Patients and tumor characteristics showing discrepant findings on unilateral or bilateral analysis
| No | Patient Age |
BI-RADS breast density | Detection at Unilateral Analysis | Detection at Bilateral Analysis | Histology | Stage | Nodal Metastasis | ER/PR/HER2 status | Lesion Type at Mammography |
|---|---|---|---|---|---|---|---|---|---|
| 1 | 38 | d | + | - | IDC | I | No | + / ± | Calcifications |
| 2 | 51 | d | + | - | DCIS | 0 | No | -/-/ + | Negative |
| 3 | 52 | d | + | - | IDC | I | No | + / ± | Negative |
| 4 | 54 | c | + | - | IDC | I | Np | + / ± | Negative |
| 5 | 51 | d | + | - | IDC | I | No | + / ± | Calcifications, Asymmetry |
| 6 | 50 | c | + | - | DCIS | 0 | Not submitted | + / ± | Negative |
| 7 | 50 | d | + | - | IDC | II | Not submitted | + / ± | Negative |
| 8 | 43 | d | + | - | DCIS | 0 | No | + / ± | Negative |
| 9 | 51 | c | + | - | Mucinous carcinoma | II | Yes | + / ± | Mass |
| 10 | 52 | d | + | - | DCIS | 0 | Not submitted | + / ± | Calcifications, Architectural distortion |
| 11 | 41 | d | + | - | DCIS | 0 | No | + / ± | Calcifications, Asymmetry |
| 12 | 44 | c | + | - | DCIS | 0 | No | + / ± | Mass |
| 13 | 54 | b | + | - | DCIS | 0 | Not submitted | + / ± | Negative |
| 14 | 55 | d | + | - | IDC | I | No | + / ± | Mass |
| 15 | 50 | d | + | - | IDC | I | No | + / ± | Asymmetry |
| 16 | 56 | c | - | + | IDC | II | Yes | ± /- | Mass |
Abbreviations. BI-RADS breast imaging reporting and data system, IDC invasive ductal carcinoma, DCIS ductal carcinoma in situ, ER estrogen receptor, PR progesterone receptor, HER2 human epidermal growth factor receptor 2
Fig. 5.
Lower specificity in unilateral versus bilateral analysis. A 50-year-old woman with right invasive ductal carcinoma. (A) The artificial intelligence (AI) application in bilateral mammography revealed two marks, with the highest abnormality score being 53% for the right breast (true-positive). (B) The AI application in unilateral mammography of the right breast shows two marks, with the highest abnormality score being 77% (true-positive). (C) The AI application in unilateral mammography of the left breast shows one mark, with an abnormality score of 48% (false-positive)

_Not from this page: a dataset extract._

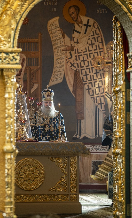 За Божественной литургией Его Высокопреосвященству сослужили: архимандрит Стефан (Тараканов), заместитель председателя Синодального отдела по монастырям и монашеству, настоятель Московского Троицкого подворья Свято-Троицкой Сергиевой лавры; насельники Троице-Сергиевой лавры архимандрит Диодор (Дидковский) и иеродиакон Михей (Соррэ); игумен Филарет (Тамбовский), клирик храма иконы Божией Матери «Всех скорбящих Радость» на Большой Ордынке; благочинный Александровского церковного округа протоиерей Олег Михайлов; клирики Стефано-Махрищского монастыря и подворья обители.

Agreement of Abnormality Scores and Comparison of Number of Marks
The ICC of the AI abnormality scores in the 730 cancers between the unilateral and bilateral analyses was 0.985 (95% CI: 0.983, 0.987), which indicates an excellent agreement between the two modes for assessing the AI abnormality score in cancer cases.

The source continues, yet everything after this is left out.